Dataset section
=====

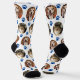 Custom White 2 Pet Photo Blue Paw Prints Socks
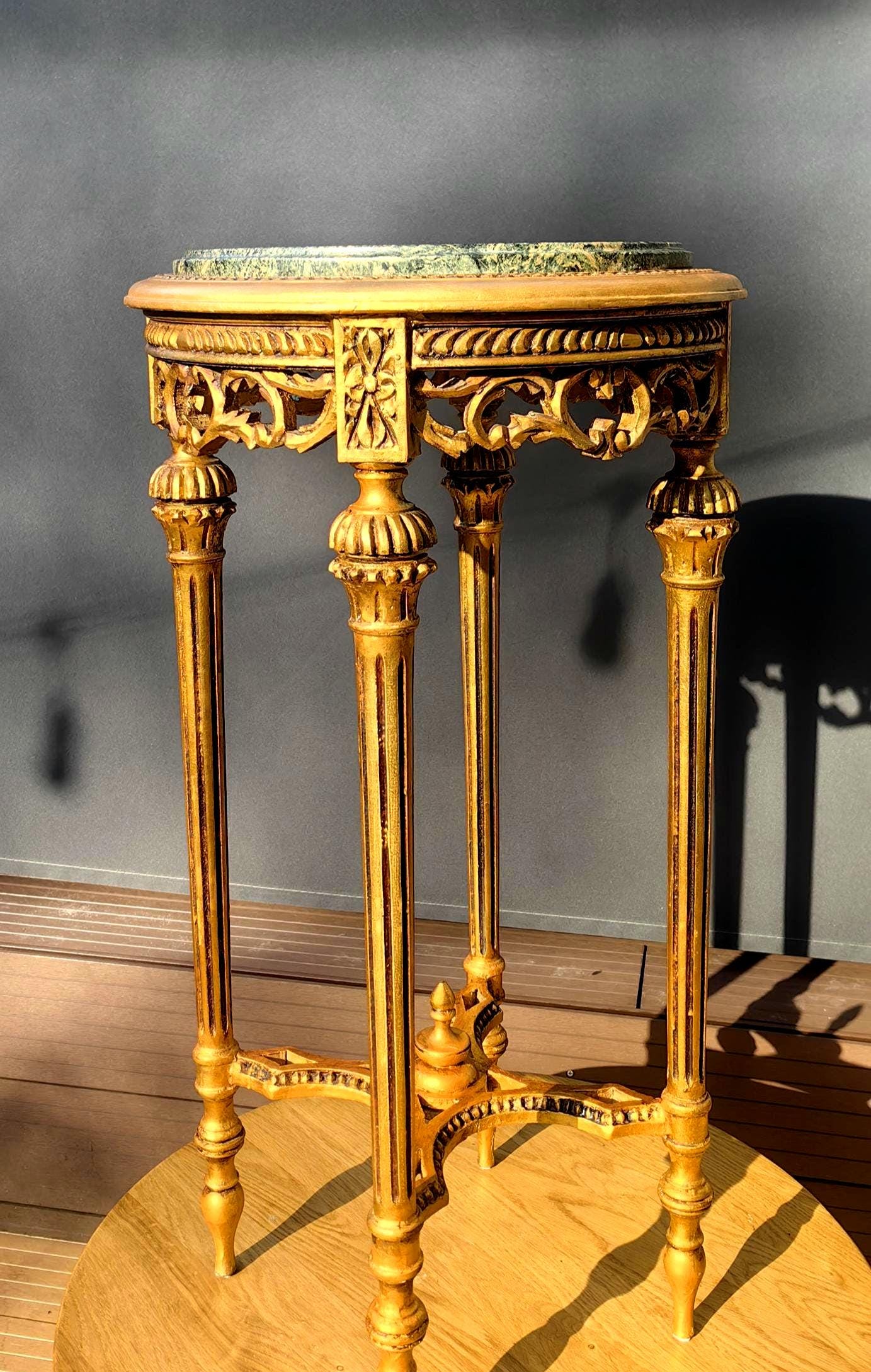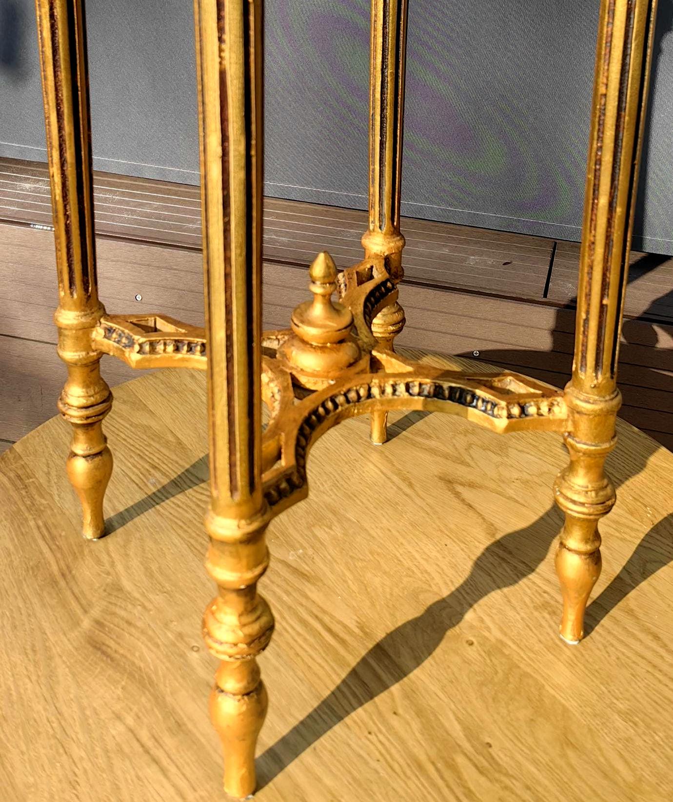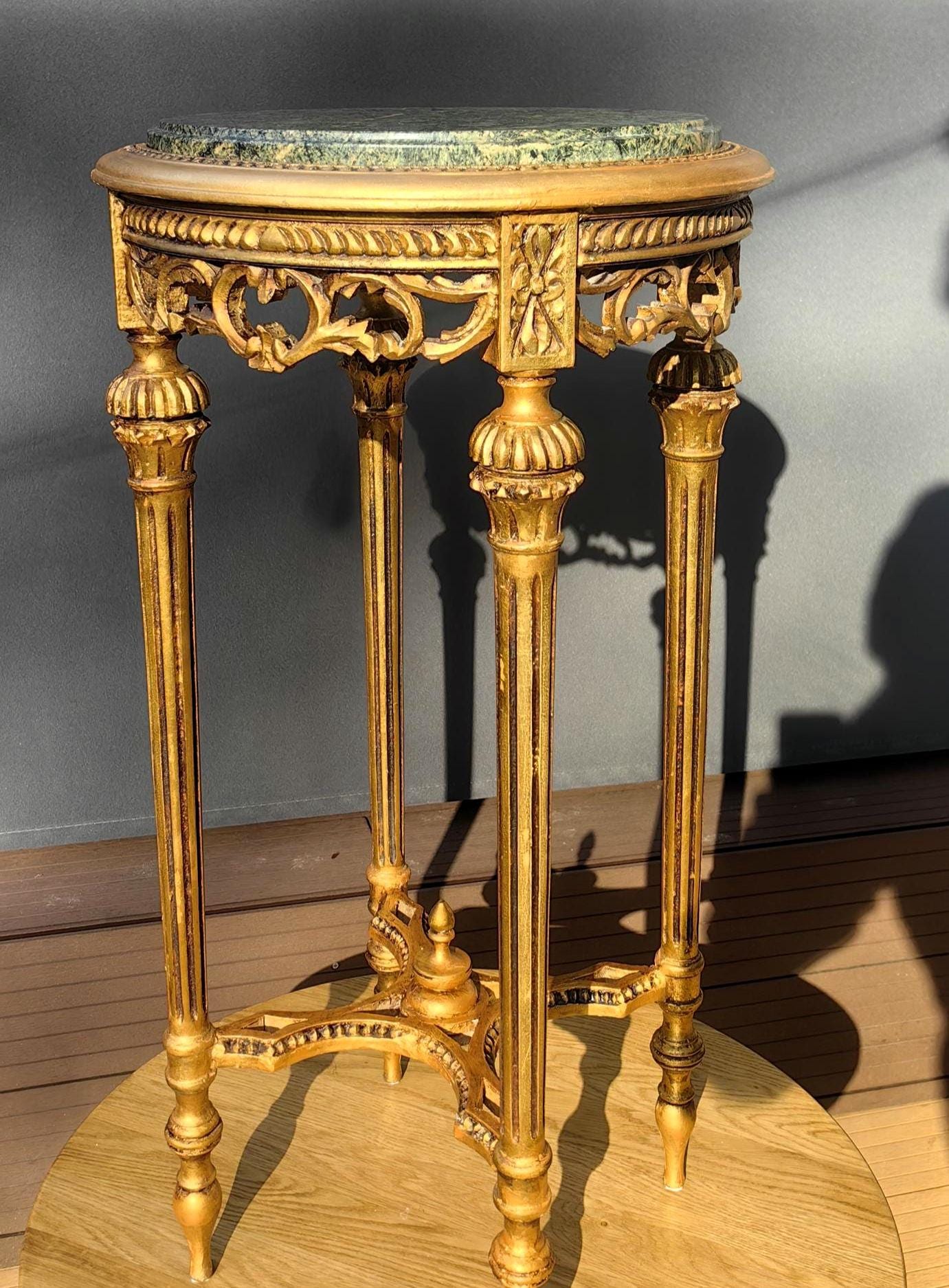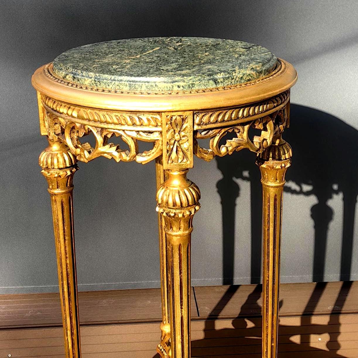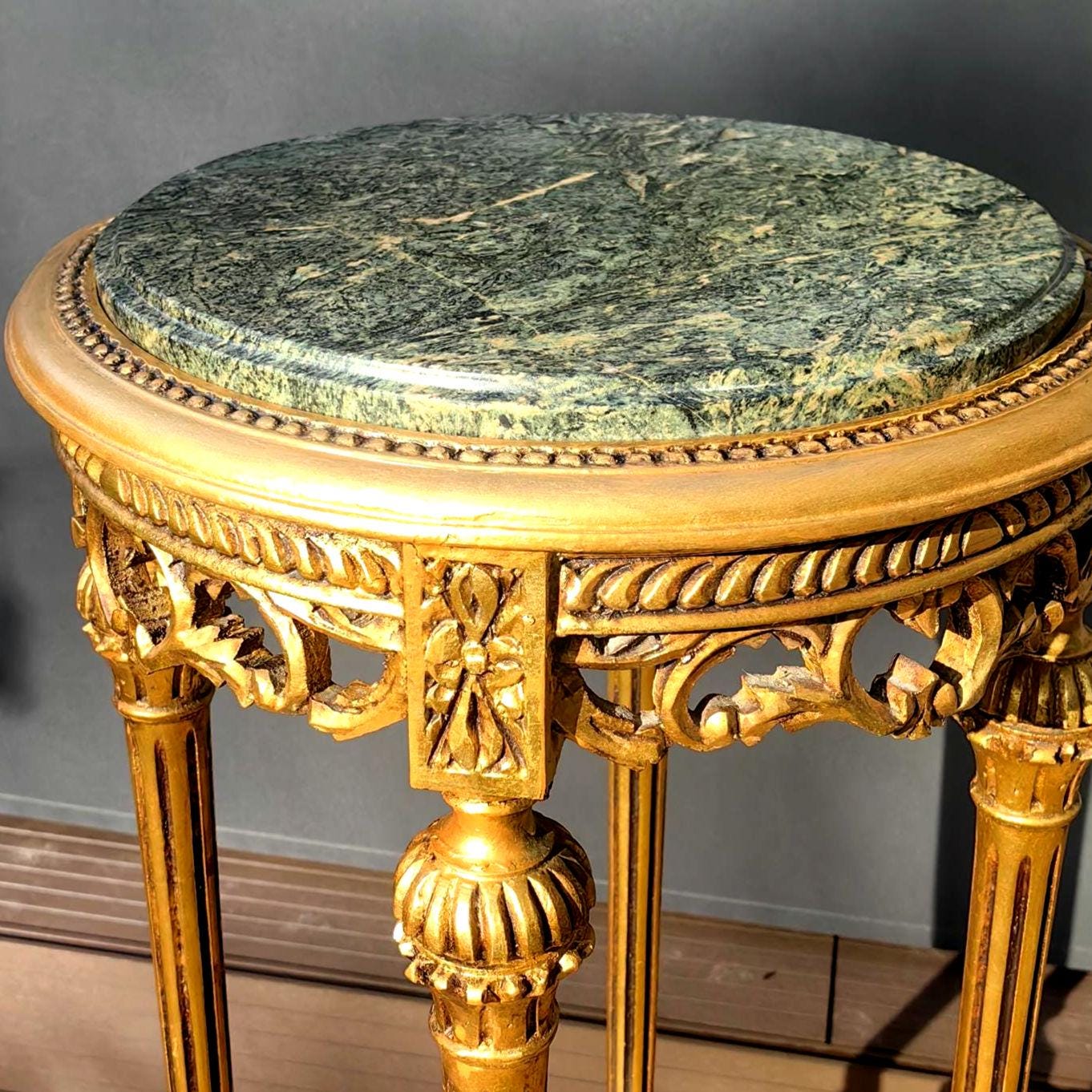This piece features a beautifully carved gilt wood frame with delicate neoclassical details, paired with a striking green stone top showcasing natural veining.
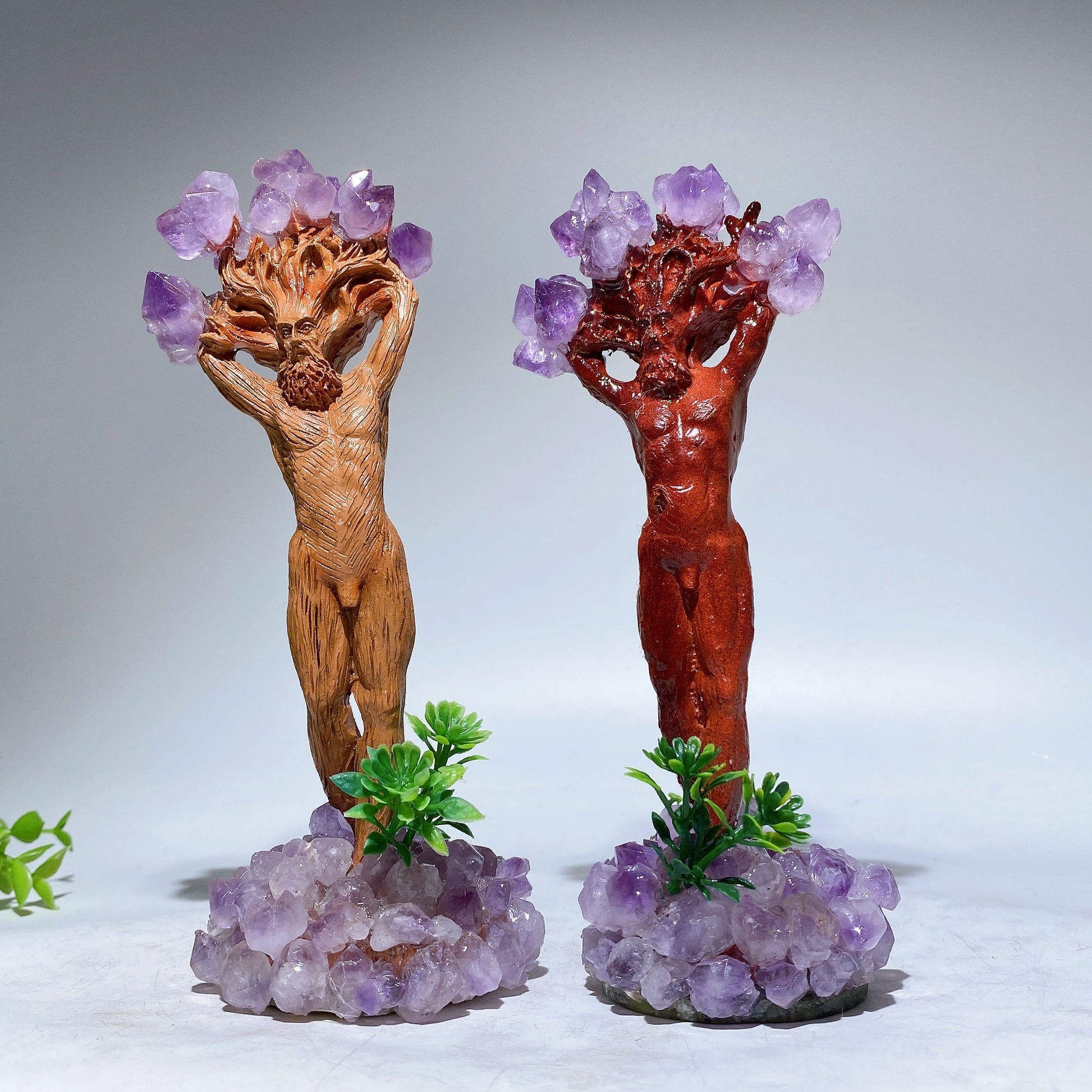 6.1" Amethyst Wooden Tree Elf Carving Crystal Healing Bulk Wholesale
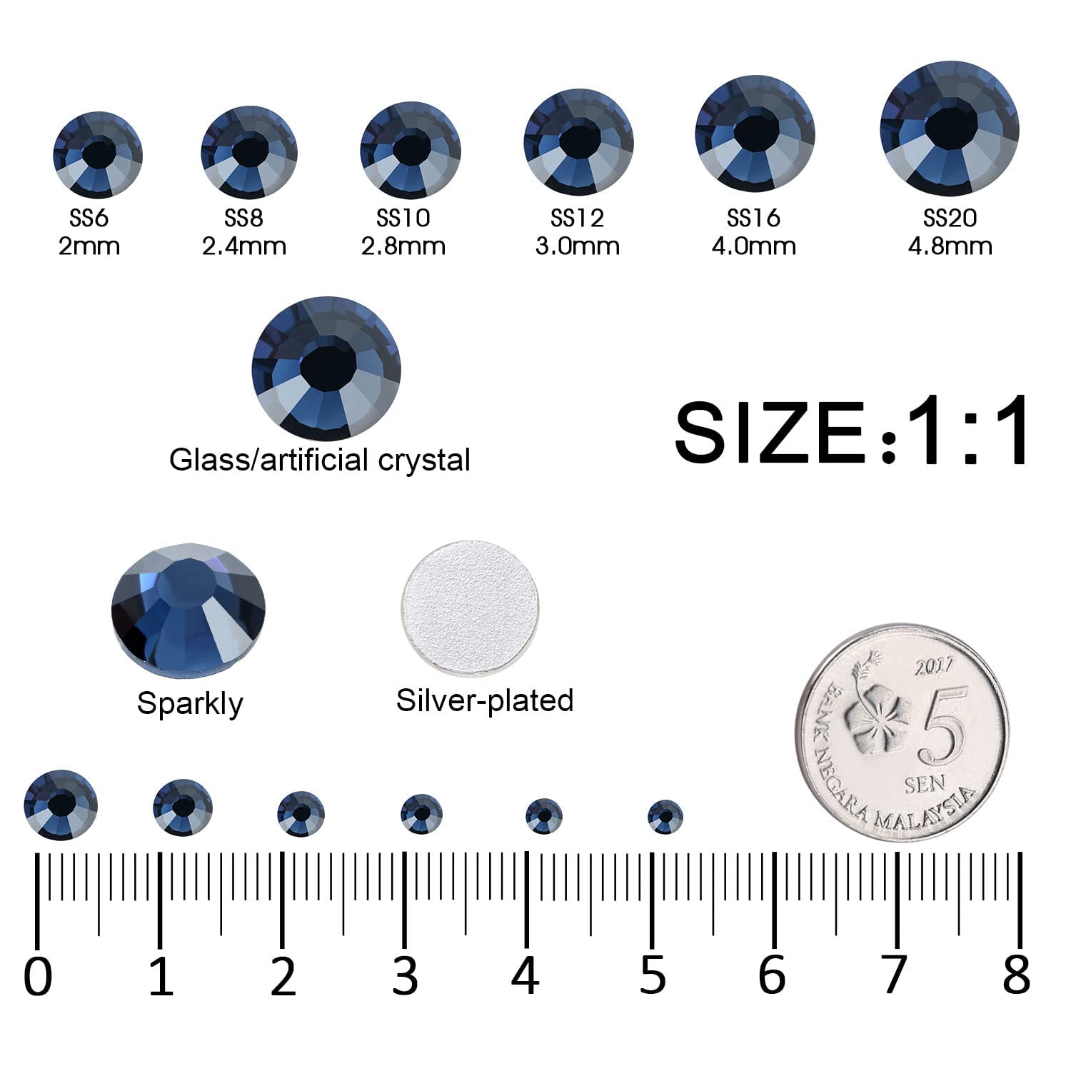 - 💎Material: glass/artificial crystal. The surface has a high-precision section, multi-faceted cutting, high brightness and high gloss. Flat bottom, round shape, silver plated back, non-allergenic. The color runs through the rhinestones without fading.

=====

Directions
Retype the listing above exactly as it appears, omitting the pictures.

Response area
 Custom White 2 Pet Photo Blue Paw Prints Socks
This piece features a beautifully carved gilt wood frame with delicate neoclassical details, paired with a striking green stone top showcasing natural veining.
 6.1" Amethyst Wooden Tree Elf Carving Crystal Healing Bulk Wholesale
 - 💎Material: glass/artificial crystal. The surface has a high-precision section, multi-faceted cutting, high brightness and high gloss. Flat bottom, round shape, silver plated back, non-allergenic. The color runs through the rhinestones without fading.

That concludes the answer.